Important presence of the convent is sister Costanza, wise and grouch mother superior who often scolds sister Angela for not following the rules, but deep down is fond of her.

Season 1 mostly focuses on crime solving, even thanks to the presence of the policeman Marco Ferraro, while later seasons focused more on cases of various kind, with the help of the lawyers Guido Corsi first and Nicodemo "Nico" Santopaolo after. Though they often disapprove of Sister Angela's behavior, the Mother Superior and the lawyers Guido and Nico always end up helping her with her adventures, trying to solve the cases.

== Cast and characters ==
===Main===
- Elena Sofia Ricci as Sister Angela/Lorenza Rapetti (seasons 1–6; recurring season 7; special guest season 8), she was the protagonist from season 1 to 6. Her original name was Lorenza Rapetti, but after getting out of jail, she becomes a nun and changes her name. She was prisoned for armed robbery and complicity in murder, and through this tragic experience, which affected her a lot, she learned to give value to her life, to little things, emotions and emotional bonding, and through her strong faith she learned that rebirth, learning from our mistakes, maturing and changing by giving second chances is always possible, when you really believe it. She's a real meddler, conditioning person, who always acts for good. She's always willing to help, kind, funny and ready to give herself to people who need her, and thanks to her empathy and intuition she can comprehend pain, doubts and fears of those who are around her, who ask for her help. Her willpower and immense generosity make her become a landmark for those she meets through her path, especially those living in the convent. At the end of season 5, she gets into a spiritual crisis, following Guido's and Davide's deaths, but thanks to Azzurra she finds God again and comes back to loving life again. In season 6, thanks to sister Costanza and Azzurra, she finds out she has a brother named Erasmo, to whom she gets affected. In season 7, she's forced to leave the convent, going to work in prison, but even though she wanted to stay close to Azzurra as becomes a novice, she understands that her presence would prevent the girl from becoming independent. She comes back when Azzurra becomes a nun.

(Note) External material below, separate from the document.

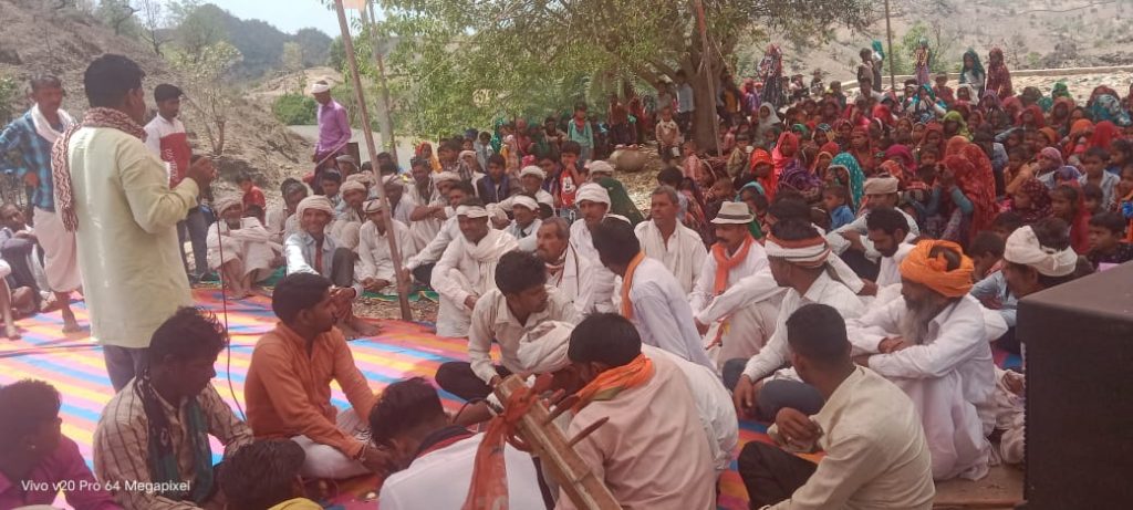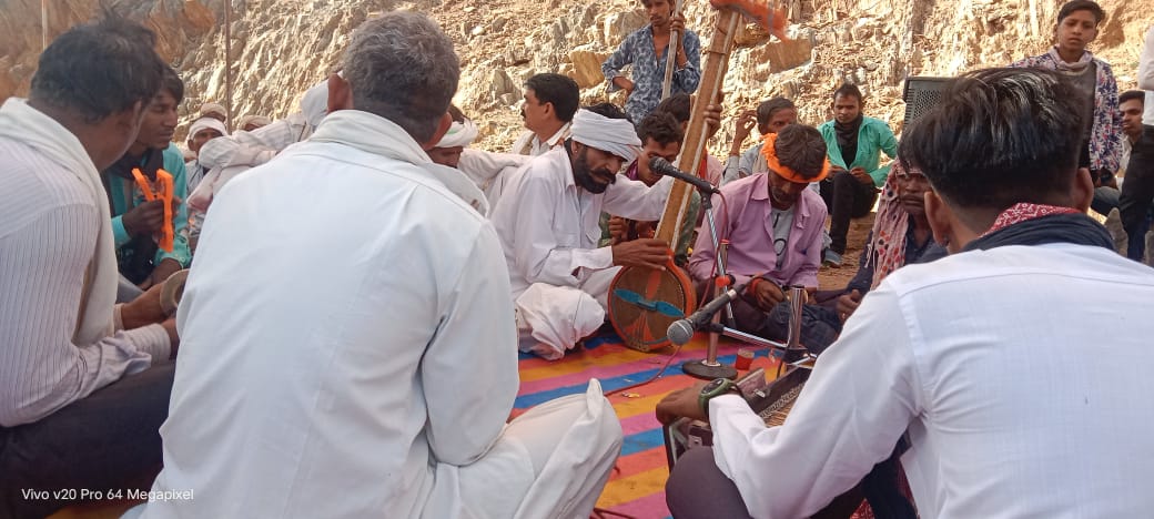फोटो:– रणोरा गांव में माड बावसी के नाम की आखातीज संगत में भजनों की प्रस्तुतियां देते कलाकार।

- Valeria Fabrizi as Sister Costanza/Valeria Valenti (seasons 1–6; recurring season 7; special guest season 8). She's the Mother Superior of the convent, she doesn't accept improper behaviors from sister Angela, and almost feels like she's bothered by her. But she actually has a heart of gold, behind the cold mask, who really loves sister Angela and all the girls living in the convent. She's a really devoted woman. Azzurra loves her a lot, as she becomes a landmark in Azzurra's life just as sister Angela.
- Francesca Chillemi as Azzurra Leonardi (season 1-present). She seems like the classic fashion victim, snob, raging, egoist superficial girl at first, but with time she starts showing an honest, good ana generous side with the ability of empathize with other people. She had many love interests, like Marco, Giannandrea and Dario, but her real true love was Guido Corsi, which she falls in love with, reciprocated, despite the little arguments they have through the course of the seasons. They start a relationship, and eventually marry. Then, Azzurra knows Rosa, finding out she's her younger half-sister, because they share the same dad. Later, we find out she had a daughter when she was younger, named Emma from her ex-boyfriend Ludovico Nobili, but she gave the baby for adoption, and that was so traumatic for her that she removes the memory of her daughter, who she finds again after many years. Azzurra and Guido adopt Davide, but once they start living together in London, Guido and Davide die in a car accident, leaving a huge grief in her and sister Angela's heart. She decides to go back living in the convent, and slowly finds out a bigger love, love for God, appeasing the chasm left in her heart so much that she decides to become a novice in order to become a nun. She starts brotherly relationship with many people who live in the convent throughout the seasons, but the most important bond she creates is the one with sister Costanza and especially the one with sister Angela, who always believes in her and never stopped helping her, bringing Azzurra to consider her more of a landmark in her life, a sort of a mother, rather than a simple friend. She takes care of Penny, an orphan girl with which she bonds in a special way: the girl is affected by heart disease, and it's only possible to save her through a heart transplant, which was given to her from little Davide. From season 7, she becomes the protagonist, and sister Teresa follows her path through her novitiate, and at the end she takes her perpetual vows, becoming officially a nun. She later moves to Rome in a group home named "La casa del Sorriso", as a living operator, where she meets Lorenzo, the director, and his sons, Pietro and Giulia. With Lorenzo's help, she takes care of the girls living in the group home, trying to help them to build a life and a future and finding stability in their lives.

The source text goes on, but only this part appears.